▸ **Your task**: Using the data that follows, output only the lines from the line with "- On the Quick" up to and including the line with "流水景墻橫向展開,中和了大門", exactly, leaving pictures aside.

▸ **Records for processing**:
=== Begin Enclosure ===

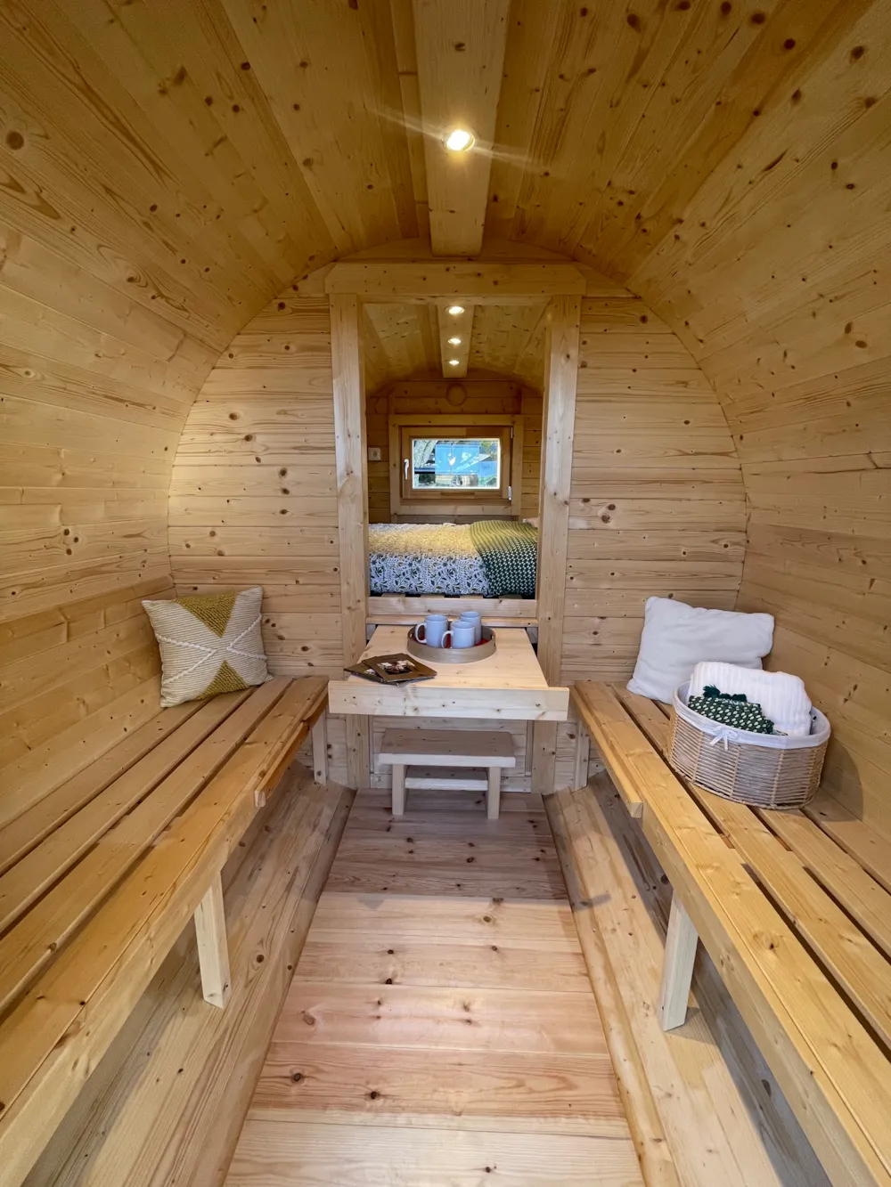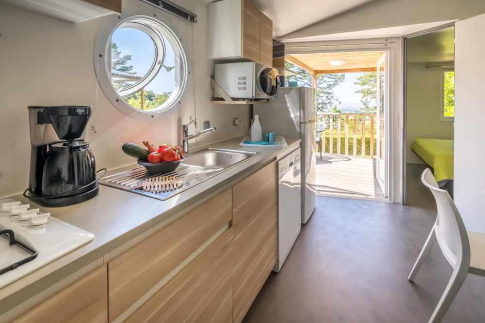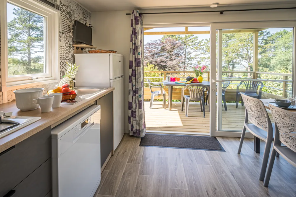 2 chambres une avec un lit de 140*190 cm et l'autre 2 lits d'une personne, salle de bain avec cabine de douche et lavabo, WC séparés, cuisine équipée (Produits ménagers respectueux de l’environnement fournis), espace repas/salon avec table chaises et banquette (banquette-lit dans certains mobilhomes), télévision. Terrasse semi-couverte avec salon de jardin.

=== End Enclosure ===
=== Begin Enclosure ===

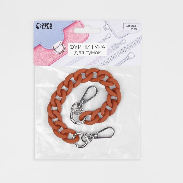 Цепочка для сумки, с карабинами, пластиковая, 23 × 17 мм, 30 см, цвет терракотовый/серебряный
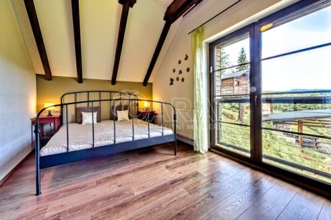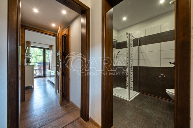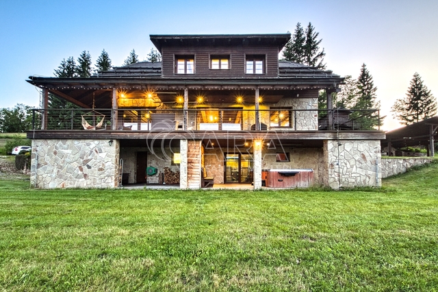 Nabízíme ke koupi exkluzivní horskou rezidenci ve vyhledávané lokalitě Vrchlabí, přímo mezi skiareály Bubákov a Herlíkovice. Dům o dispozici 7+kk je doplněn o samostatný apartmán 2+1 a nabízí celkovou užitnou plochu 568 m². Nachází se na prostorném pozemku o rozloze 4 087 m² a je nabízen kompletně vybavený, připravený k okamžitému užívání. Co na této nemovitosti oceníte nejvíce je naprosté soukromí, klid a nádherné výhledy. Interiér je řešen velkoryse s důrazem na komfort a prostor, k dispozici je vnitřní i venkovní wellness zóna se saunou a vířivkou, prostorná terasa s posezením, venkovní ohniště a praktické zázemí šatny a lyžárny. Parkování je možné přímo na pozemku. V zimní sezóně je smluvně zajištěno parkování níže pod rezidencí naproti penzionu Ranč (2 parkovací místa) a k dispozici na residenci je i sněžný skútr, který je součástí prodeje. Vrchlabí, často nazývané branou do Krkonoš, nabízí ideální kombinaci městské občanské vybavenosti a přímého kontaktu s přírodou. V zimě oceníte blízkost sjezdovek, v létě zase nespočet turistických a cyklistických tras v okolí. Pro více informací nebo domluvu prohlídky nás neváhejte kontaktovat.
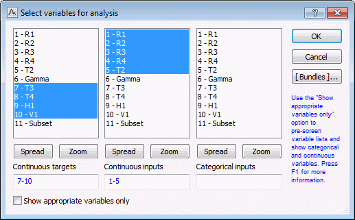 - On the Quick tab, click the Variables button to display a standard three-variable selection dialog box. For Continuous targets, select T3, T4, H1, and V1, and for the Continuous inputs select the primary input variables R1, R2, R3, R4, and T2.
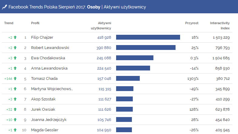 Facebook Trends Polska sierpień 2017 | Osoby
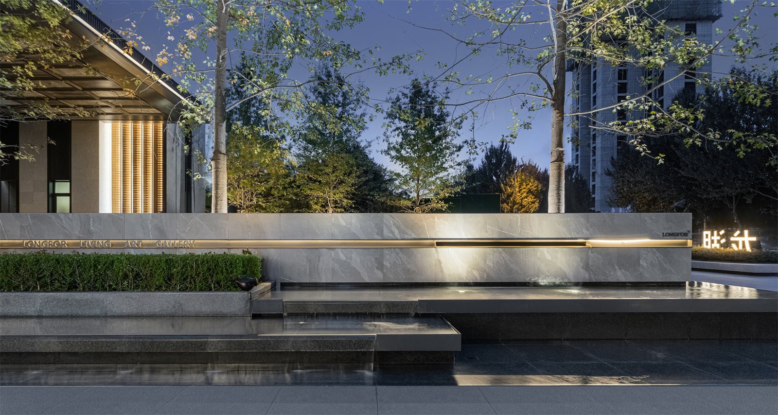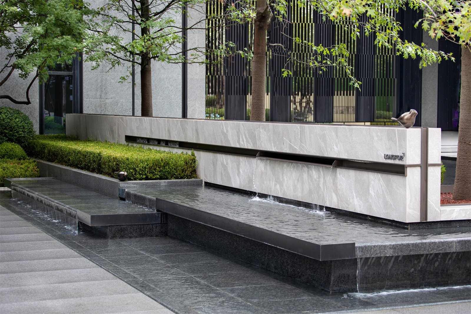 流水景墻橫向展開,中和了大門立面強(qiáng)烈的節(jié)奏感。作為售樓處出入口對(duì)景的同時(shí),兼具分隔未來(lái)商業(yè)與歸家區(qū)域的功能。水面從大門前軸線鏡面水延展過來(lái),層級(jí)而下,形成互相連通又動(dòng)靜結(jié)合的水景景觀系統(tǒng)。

=== End Enclosure ===
=== Begin Enclosure ===

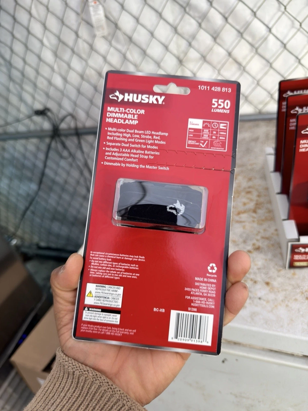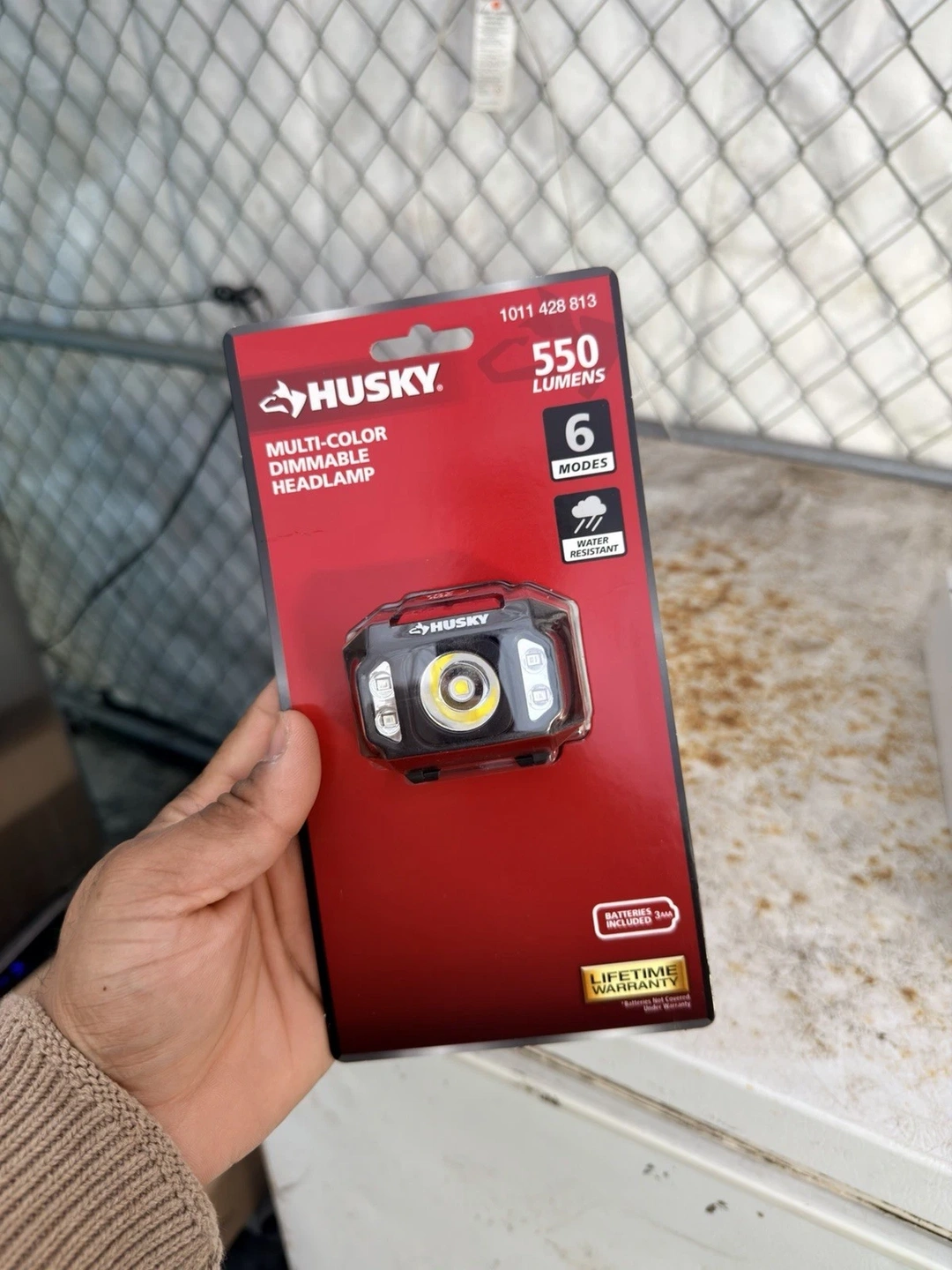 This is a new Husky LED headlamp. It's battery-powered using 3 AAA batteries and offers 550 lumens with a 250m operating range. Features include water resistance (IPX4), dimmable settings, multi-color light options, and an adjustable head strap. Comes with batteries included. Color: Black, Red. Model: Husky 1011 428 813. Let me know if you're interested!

=== End Enclosure ===

▸ **Task solution**:
 - On the Quick tab, click the Variables button to display a standard three-variable selection dialog box. For Continuous targets, select T3, T4, H1, and V1, and for the Continuous inputs select the primary input variables R1, R2, R3, R4, and T2.
 Facebook Trends Polska sierpień 2017 | Osoby
 流水景墻橫向展開,中和了大門立面強(qiáng)烈的節(jié)奏感。作為售樓處出入口對(duì)景的同時(shí),兼具分隔未來(lái)商業(yè)與歸家區(qū)域的功能。水面從大門前軸線鏡面水延展過來(lái),層級(jí)而下,形成互相連通又動(dòng)靜結(jié)合的水景景觀系統(tǒng)。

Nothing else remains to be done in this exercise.